Greetings Folks,
Our infrastructure consists of:
- Jenkins Controller v2.289.1 (0 Executors)
- Jenkins Agent 1 (4 Executors)
- Jenkins Agent 2 (4 Executors)
- Jenkins Agent 3 (4 Executors)
Through Grafana/Prometheus, we’ve noticed that the CPU usage of our Agent 1 is 5 times higher than the other two agents. Μore specifically, Agent’s 3 CPU usage sits at ~1% (7 Days average graph) while Agent 1 crashed two times this week due to a heavy build. This caught our attention, so we did our search and found out this:
https://docs.cloudbees.com/docs/admin-resources/latest/plugins/even-scheduler
"By default, Jenkins employs the algorithm known as consistent hashing to make this decision. More specifically, it hashes the name of the node, in numbers proportional to the number of available executors, then hashes the job name to create a probe point for the consistent hash.
…
This behavior is based on the assumption that it is preferable to use the same workspace as much as possible, because SCM updates are more efficient than SCM checkouts.
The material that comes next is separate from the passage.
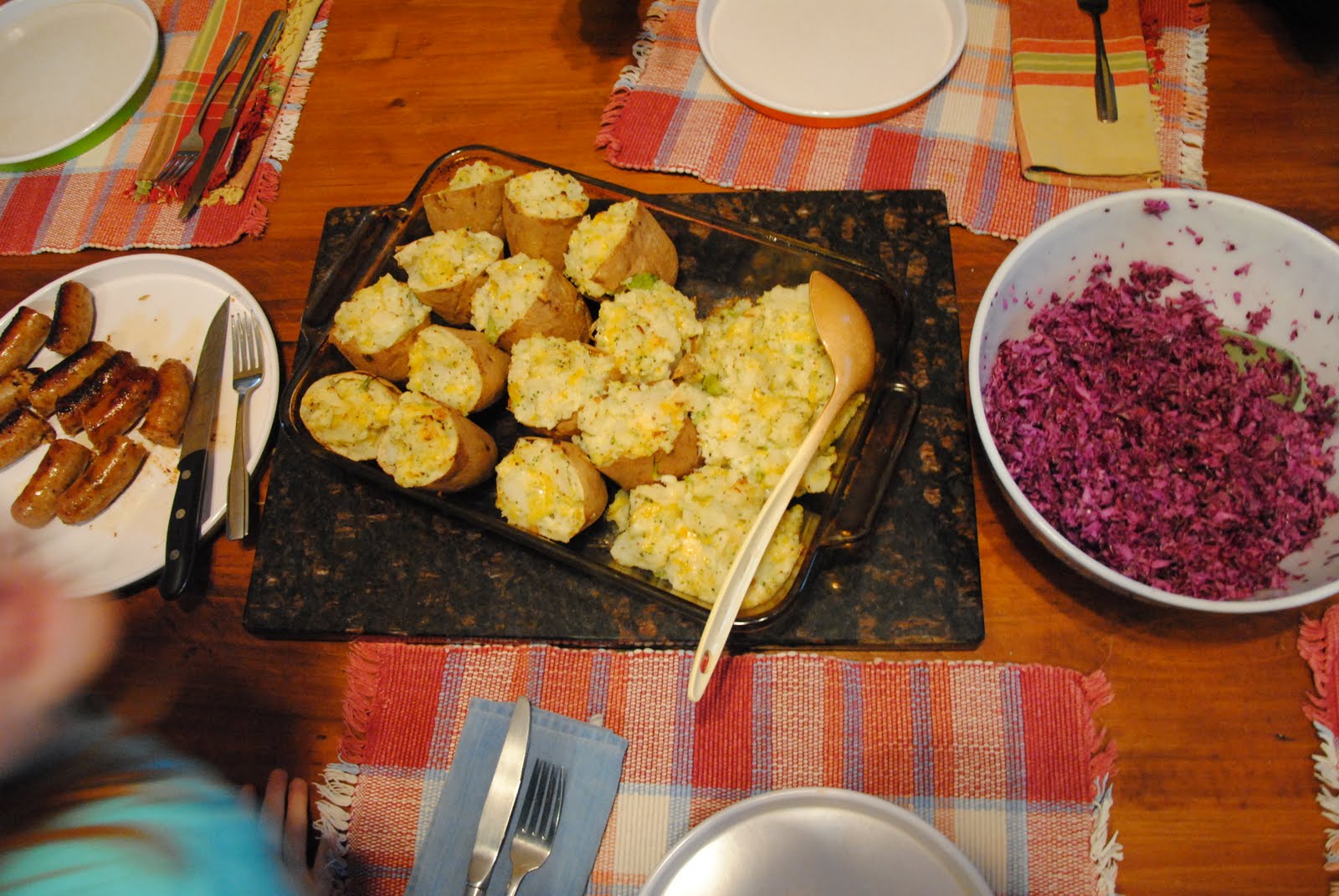 Monday night. Twice-stuffed potatoes, sausages, red cabbage salad. Potatoes leftover from Apple-Apple’s supper the night before. Excellent re-use of leftover baked potatoes, sliced in half, emptied out, insides mixed with cheese, crema, and mashed up brocolli and cauliflower. Red cabbage salad recipe from a friend (onion, mayonnaise, vinegar, and maple syrup). We cut each sausage in half, because there were only five. Kevin and I got one half each and the kids divvied up the rest.

In a typical continuous integration situation, each build only contains a limited number of changes, so indeed updates (which only fetch updated files) run substantially faster than checkouts (which refetch all files from scratch.)"
Since there’s no other official documentation about it, or at least I’m not aware of, I can assume that this is the case for what makes most of our jobs to be built in Agent 1, while the other two Agents stay nearly idle.
A temporary solution we thought, was to pin heavy Jobs to specific agents (ex. agent { label ‘agent-3’ }), but that doesn’t sound really dynamic, as new Jobs may arrive and occupy the other agents as well.
Hence, we wanted to test the Even Scheduler Plugin, but unfortunately it’s for Cloudbees CI only, which we don’t use. However, there’s also the Least Load Plugin for normal distros and allegedly does the same thing:
https://plugins.jenkins.io/leastload/
We tested it in a test environment, but we haven’t applied it yet in production.
My question here is, does it worth to ‘sacrifice’ the default decision making behavior so we can distribute jobs evenly and unload stressed agents? This means that Jobs may take longer due to the fact that if a Job that hasn’t been built before in a specific agent, the ‘refetch from scratch’ will happen more often. On the other hand, this promises no agent crashes, since the headroom of 3/3 agents occupied evenly is more than enough.
If there are any suggestions or I’m mistaken about anything, please let me know!
Thanks for reading!